- _Work to be completed_
Retype the data exactly, from its first line to the line containing "The product is", including both, and skip any picture.

- _Material provided_
::::::::
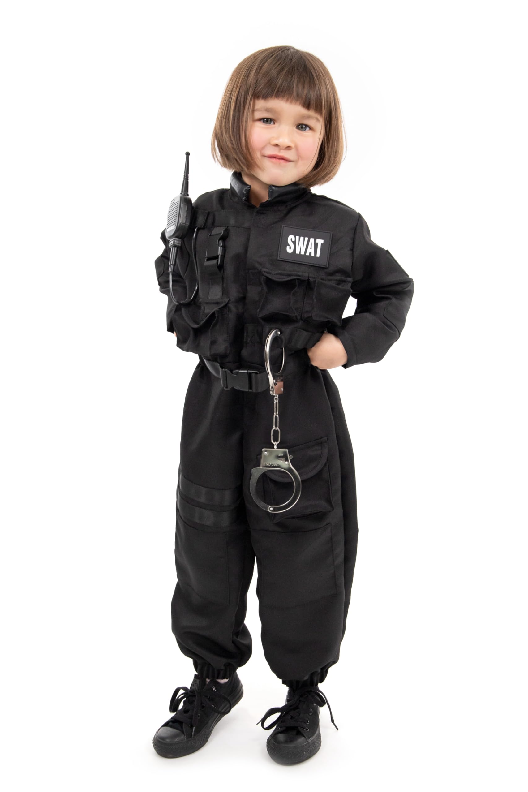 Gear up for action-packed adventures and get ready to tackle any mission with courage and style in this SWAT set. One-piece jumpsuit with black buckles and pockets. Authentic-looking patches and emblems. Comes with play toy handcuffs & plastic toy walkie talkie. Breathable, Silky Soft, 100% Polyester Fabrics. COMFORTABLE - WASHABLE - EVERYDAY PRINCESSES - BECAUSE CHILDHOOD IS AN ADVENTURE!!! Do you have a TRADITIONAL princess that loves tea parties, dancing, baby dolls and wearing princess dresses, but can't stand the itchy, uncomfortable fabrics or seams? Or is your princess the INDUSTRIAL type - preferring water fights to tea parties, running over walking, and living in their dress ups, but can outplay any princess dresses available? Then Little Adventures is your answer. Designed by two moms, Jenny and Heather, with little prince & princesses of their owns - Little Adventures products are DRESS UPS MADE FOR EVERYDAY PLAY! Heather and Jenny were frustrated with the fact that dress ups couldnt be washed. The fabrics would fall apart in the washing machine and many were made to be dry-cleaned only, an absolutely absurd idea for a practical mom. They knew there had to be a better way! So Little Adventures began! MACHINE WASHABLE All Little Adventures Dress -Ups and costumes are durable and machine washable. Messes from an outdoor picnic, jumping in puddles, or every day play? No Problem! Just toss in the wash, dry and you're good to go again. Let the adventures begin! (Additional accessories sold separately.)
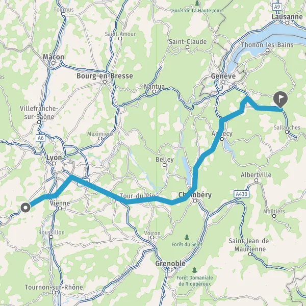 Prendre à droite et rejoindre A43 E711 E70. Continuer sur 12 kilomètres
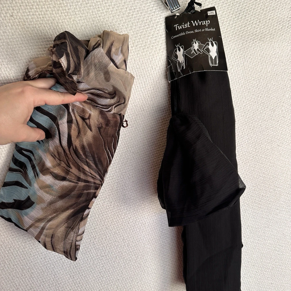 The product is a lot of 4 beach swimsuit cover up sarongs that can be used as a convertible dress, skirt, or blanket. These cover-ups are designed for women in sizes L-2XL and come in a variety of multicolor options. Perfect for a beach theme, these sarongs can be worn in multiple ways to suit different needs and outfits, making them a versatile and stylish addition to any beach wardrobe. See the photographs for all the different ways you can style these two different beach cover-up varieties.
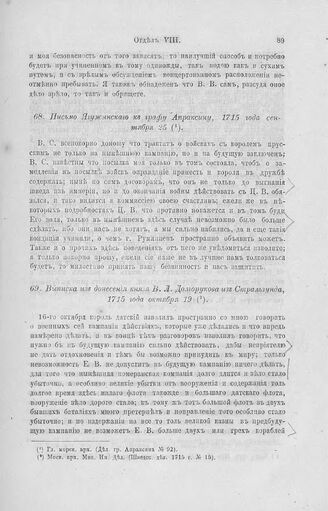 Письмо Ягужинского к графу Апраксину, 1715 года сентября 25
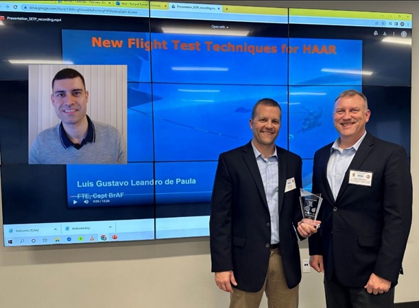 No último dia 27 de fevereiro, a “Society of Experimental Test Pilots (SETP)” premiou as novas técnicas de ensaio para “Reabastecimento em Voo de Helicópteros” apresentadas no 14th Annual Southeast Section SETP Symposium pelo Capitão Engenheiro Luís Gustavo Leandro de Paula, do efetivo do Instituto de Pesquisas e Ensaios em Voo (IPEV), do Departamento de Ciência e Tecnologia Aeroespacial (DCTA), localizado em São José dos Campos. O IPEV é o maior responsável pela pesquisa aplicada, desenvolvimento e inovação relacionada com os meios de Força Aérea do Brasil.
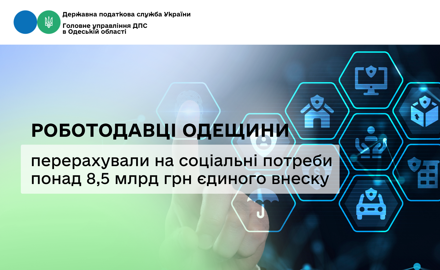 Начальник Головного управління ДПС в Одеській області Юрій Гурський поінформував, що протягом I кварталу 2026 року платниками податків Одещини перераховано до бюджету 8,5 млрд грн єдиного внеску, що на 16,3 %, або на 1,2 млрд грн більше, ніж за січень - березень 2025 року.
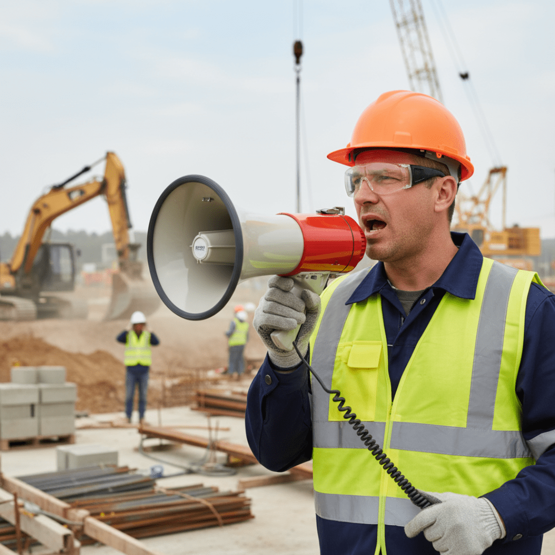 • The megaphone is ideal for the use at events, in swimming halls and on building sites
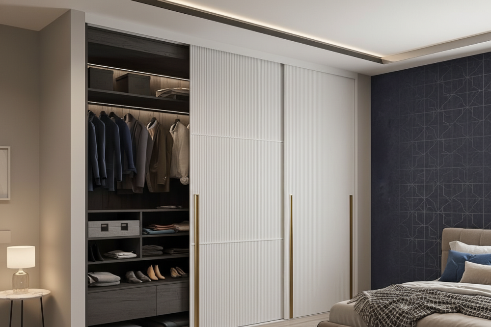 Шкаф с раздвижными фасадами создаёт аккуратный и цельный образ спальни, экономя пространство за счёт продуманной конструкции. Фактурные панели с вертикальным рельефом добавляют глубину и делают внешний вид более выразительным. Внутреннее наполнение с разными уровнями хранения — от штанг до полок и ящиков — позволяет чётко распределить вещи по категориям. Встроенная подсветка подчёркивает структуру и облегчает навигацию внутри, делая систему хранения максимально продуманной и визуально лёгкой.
::::::::
- _Finished exercise_
 Gear up for action-packed adventures and get ready to tackle any mission with courage and style in this SWAT set. One-piece jumpsuit with black buckles and pockets. Authentic-looking patches and emblems. Comes with play toy handcuffs & plastic toy walkie talkie. Breathable, Silky Soft, 100% Polyester Fabrics. COMFORTABLE - WASHABLE - EVERYDAY PRINCESSES - BECAUSE CHILDHOOD IS AN ADVENTURE!!! Do you have a TRADITIONAL princess that loves tea parties, dancing, baby dolls and wearing princess dresses, but can't stand the itchy, uncomfortable fabrics or seams? Or is your princess the INDUSTRIAL type - preferring water fights to tea parties, running over walking, and living in their dress ups, but can outplay any princess dresses available? Then Little Adventures is your answer. Designed by two moms, Jenny and Heather, with little prince & princesses of their owns - Little Adventures products are DRESS UPS MADE FOR EVERYDAY PLAY! Heather and Jenny were frustrated with the fact that dress ups couldnt be washed. The fabrics would fall apart in the washing machine and many were made to be dry-cleaned only, an absolutely absurd idea for a practical mom. They knew there had to be a better way! So Little Adventures began! MACHINE WASHABLE All Little Adventures Dress -Ups and costumes are durable and machine washable. Messes from an outdoor picnic, jumping in puddles, or every day play? No Problem! Just toss in the wash, dry and you're good to go again. Let the adventures begin! (Additional accessories sold separately.)
 Prendre à droite et rejoindre A43 E711 E70. Continuer sur 12 kilomètres
 The product is a lot of 4 beach swimsuit cover up sarongs that can be used as a convertible dress, skirt, or blanket. These cover-ups are designed for women in sizes L-2XL and come in a variety of multicolor options. Perfect for a beach theme, these sarongs can be worn in multiple ways to suit different needs and outfits, making them a versatile and stylish addition to any beach wardrobe. See the photographs for all the different ways you can style these two different beach cover-up varieties.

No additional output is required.